Image quality analysis of the centre and off-axis of each module using RIT113
To assess image distortion and deformation caused by FMs with sagging correction errors, the distances between image inserts in the anterior–posterior and left–right directions of the CTP404 module were measured using RIT113. For both module configurations, the modulation transfer function (MTF) was calculated from the CTP528 image results to evaluate image blurring caused by sagging correction errors. Additionally, the MTF0.5 and MTF0.1 values were computed to obtain quantitative metrics of image resolution.
Evaluation of the geometric coordinates of the centre and off-axis of each module using ImageJ
To evaluate geometric coordinate changes due to sagging correction errors, CBCT images of the CT404 module were binarised, and edge-extraction processing was performed using ImageJ. The centre of gravity of two image inserts was measured (Figure 1). Differences in the centre-of-gravity coordinates with and without sagging correction errors were calculated for both inserts, and the averaged results across all FMs were recorded. To further facilitate QA data sharing related to sagging corrections, binarised and edge-extracted CBCT images with and without sagging correction errors were subtracted using ImageJ to visualise differences.
Evaluation for off-axis of sagging correction error using the MultiMet-WL QA phantom and couch shift
To evaluate the effects of sagging correction errors on the centre and off-axis image coordinates, the W-L test of the MultiMet-WL QA phantom was conducted with no shifts and with shifts of 0.3 mm in the left, table and up directions using 15 different combinations of gantry angles and collimator positions. The MultiMet-WL QA phantom was irradiated with 6 MV X-rays using a field size of 2 cm × 2 cm for the off-axis target with a single isocentre. The W-L test results were analysed using the MultiMet-WL QA software.
Statistical analysis
Correlation coefficients (r) between sagging correction errors and changes in the centre-of-gravity coordinates were calculated using the SPSS statistical software (IBM).
Results
The distances between the inserts of the CT528 CBCT images across the 10 types of FMs showed minimal variation, with changes of <0.15 mm observed in both the X and Y directions.
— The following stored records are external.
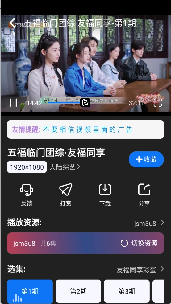 用户点击心仪的影视资源后,只需选定集数与播放源,就能开始观看了。
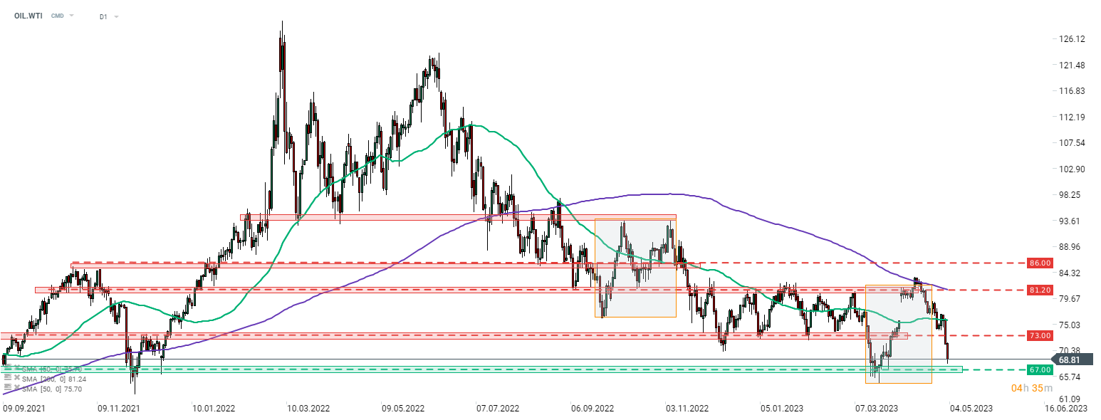 Il petrolio, così come altre materie prime energetiche, oggi si stanno ritirando. Il Brent e il WTI sono in ribasso di quasi il 4%, mentre i prezzi della benzina e del gas naturale negli Stati Uniti scendono di oltre il 4%. La mossa sembra essere guidata dalle preoccupazioni generali sulla condizione dell'economia globale, con il riemergere dei problemi bancari statunitensi che sono uno dei principali fattori di paura. A parte questo, l'OPEC+ attualmente non sembra disposta a intervenire per sostenere i prezzi, il che aumenta anche la pressione.
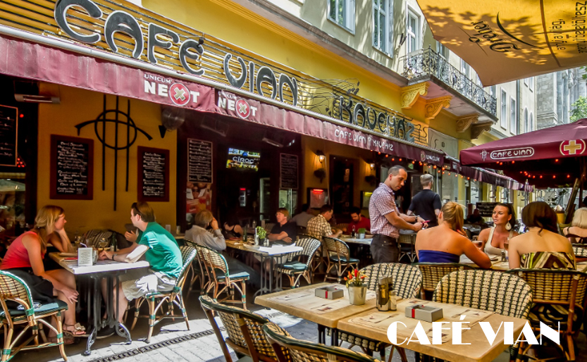 It’s not just Café Vian’s location on the sunny side of the street that makes it one of our favourites on the Tér. A whole week can be spent over a coffee or cocktails enjoyed outside under the shade of a verandah, or in the spacious interior with its comfortable, loungey interior. The menu of wholesome pastas and salads is better than you might have had any right to suspect. The framed paintings on the wall look like they were salvaged from an early 1980s fashion and design school. Maybe it’s all coming back – said paintings are also for sale.
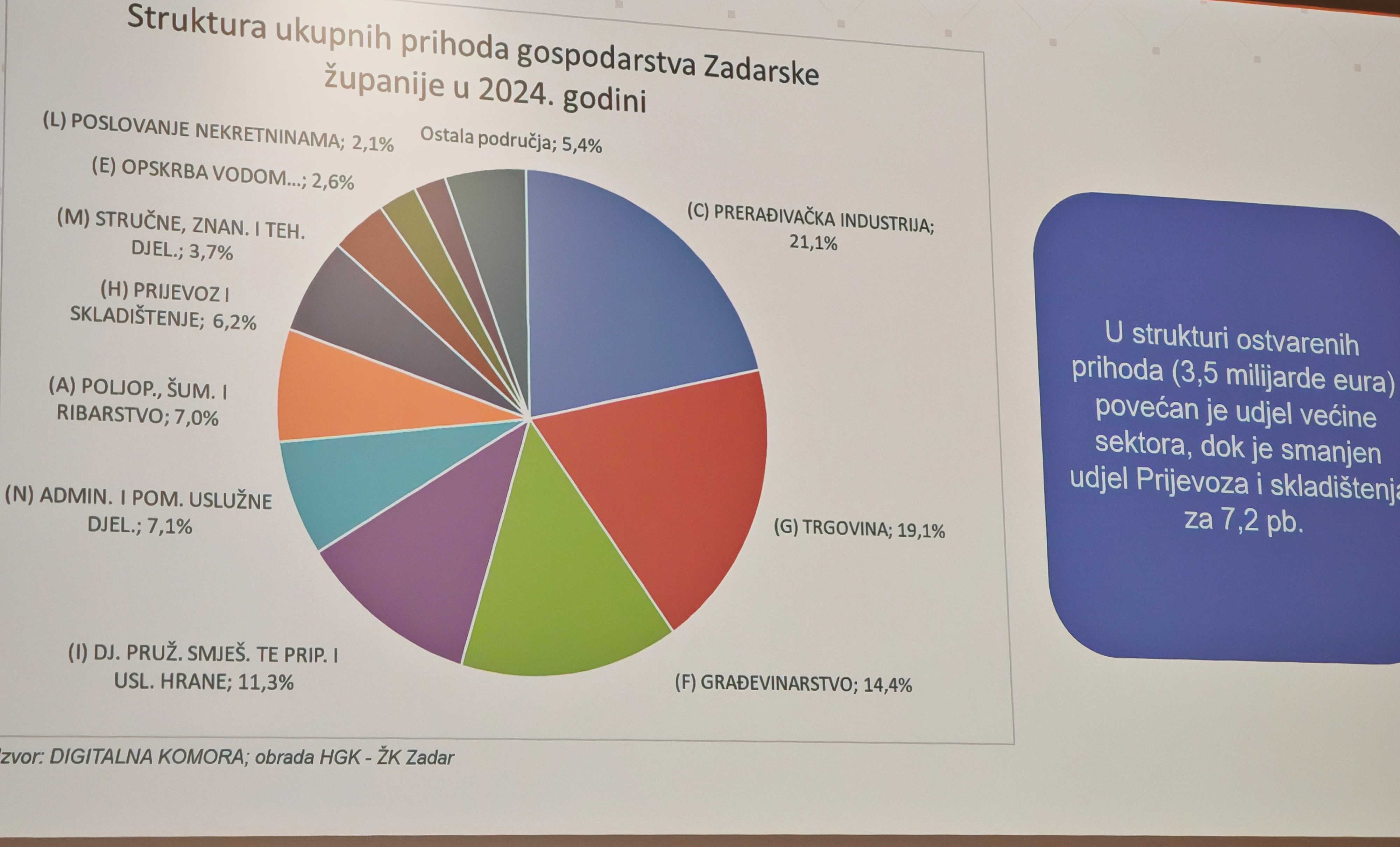 Protekla godina na području Zadarske županije obilježena je rekordnim brojkama zaposlenosti, novih poduzeća, povećanja plaća i ukupnih prihoda gospodarstva, a turizam je nadmašio dosadašnje rekorde s 2,2 milijuna dolazaka i 15,7 milijuna noćenja! Sve to rezultiralo je činjenicom da je Zadarska županija, prema HGK-ovoj metodologiji županijskih indeksa razvijenosti, trenutno druga u Hrvatskoj, odmah iza Grada Zagreba.
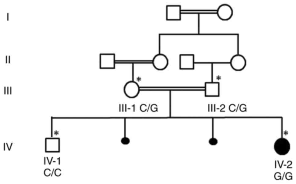 The family had a history of three generations of consanguine marriages. The grandparents and parents were first cousins. Whole exome sequencing (WES) was performed for the affected proband at the age of 6 months. No previous history of the disease was reported in the other family members.
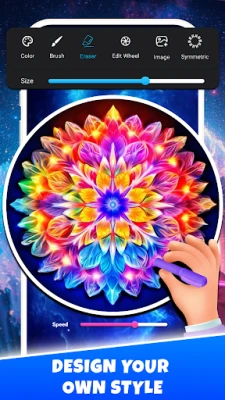Devino un maestru al artei circulare cu instrumentele intuitive puse la dispoziție de Visual Wheel Art - Spin & Draw. Aplicația îți oferă libertatea de a alege dintr-o gamă variată de pensule personalizabile, de la cele clasice la cele luminoase, ce creează efecte neon vibrante, transformând fiecare lucrare într-o operă ce strălucește. Explorează modul de desen simetric pentru a crea mandale perfecte și flori geometrice, dublându-ți ingeniozitatea cu modele în oglindă. Pentru începători sau pentru cei ce doresc să-și perfecționeze tehnica, ghidurile pas cu pas facilitează învățarea, de la forme elementare la compoziții complexe.

Figure 2 presents the MTF results at the centre, while Figure 3 displays the MTF results off-axis. When the sagging compensation offset was ≤0.6 mm, no remarkable change was observed in the MTF. A slight variation in MTF0.1 was noted in the table direction; however, for other directions, negligible changes were observed in both MTF0.5 and MTF0.1 (Table 1).

Figure 2. MTF of sagging correction error along centre position: (a) left, (b) table, (c) up, and along off-axis: (d) left, (e) table and (f) up.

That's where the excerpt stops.